When his skin was raw and burning, he put on his new clothes and headed back into the terminal to check in for his flight, but the woman working the ticket counter told him it was canceled due to weather. Trudeau's heart sank. In most places, a winter storm is no big deal. You get a few inches of snow; flights are held up for a few hours, one day max. In Norilsk, a winter storm pummels the city with several feet of snow, hurricane-­force winds, and temperatures plunging south of negative fifty, making it possible for flights to be canceled for several days.

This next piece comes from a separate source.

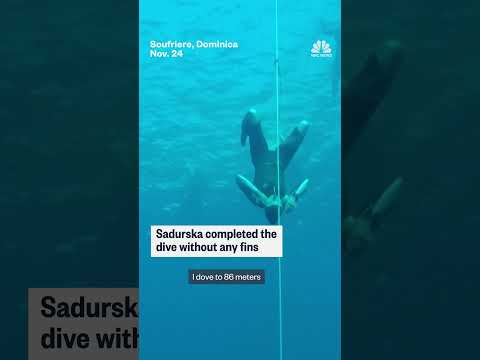 Ukrainian freediver Kateryna Sadurska sets a new world record with a 282-foot dive

Trudeau was in a very dangerous position. The longer he stayed there, the more likely the Russian military would connect him to the massacred arms dealers. Even though Trudeau's travel cover as a Norwegian oil and gas exec had flawlessly gotten him through Russian customs, it wouldn't be that difficult for them to analyze recent passenger manifests from the handful of flights that had come in and treat him as a person of interest. Additionally, the Russian mob would be looking for someone to skin for destroying millions of dollars' worth of black market military stock. The airport was not safe. Going to a hotel was out of the question, as hotels meant passports, credit cards, and security cameras, all of which created a trail of digital bread crumbs. Trudeau checked to see if he could catch any of the last flights heading anywhere before the airport shut down, but there was nothing.

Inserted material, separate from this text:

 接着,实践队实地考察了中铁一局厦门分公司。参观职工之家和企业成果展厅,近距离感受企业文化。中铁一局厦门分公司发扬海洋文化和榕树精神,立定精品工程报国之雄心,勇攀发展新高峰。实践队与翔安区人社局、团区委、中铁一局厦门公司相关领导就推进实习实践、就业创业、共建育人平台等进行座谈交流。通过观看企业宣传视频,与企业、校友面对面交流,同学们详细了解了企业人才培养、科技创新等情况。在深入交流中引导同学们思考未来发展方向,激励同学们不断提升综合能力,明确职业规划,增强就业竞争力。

He had no choice but to contact Juarez for an extraction. This was also a dangerous option due to the conspicuous nature of private aircraft, but at least he would have Juarez and a support team if they had to shoot their way out. Trudeau found a quiet place and dialed Juarez on his satellite phone. It didn't even ring. Then he heard the worst thing imaginable: “Satellite signal temporarily interrupted.”

Ach, putain de merde
.

He kept his cool—until he saw two Russian soldiers with a dog patrolling the airport, randomly checking passports. He had to get out of there, so he went outside into the mind-numbing cold. He broke protocol and texted his support agent, hoping against hope that she could come back and get him the fuck out of there. The weather was going from bad to worse. Buses were nonexistent, but he could see the lights of a few taxicabs clustered in a parking lot on the outskirts of the airport. His only choice was to hoof it out there and hope one of them would take him to
a cash-only flophouse in town to hole up until his sat service came back. Even then it could take as long as eighteen hours for Juarez to get to him once he made contact. The subzero wind reminded him he'd better find something soon or Juarez would be extracting what was left of him in the spring thaw.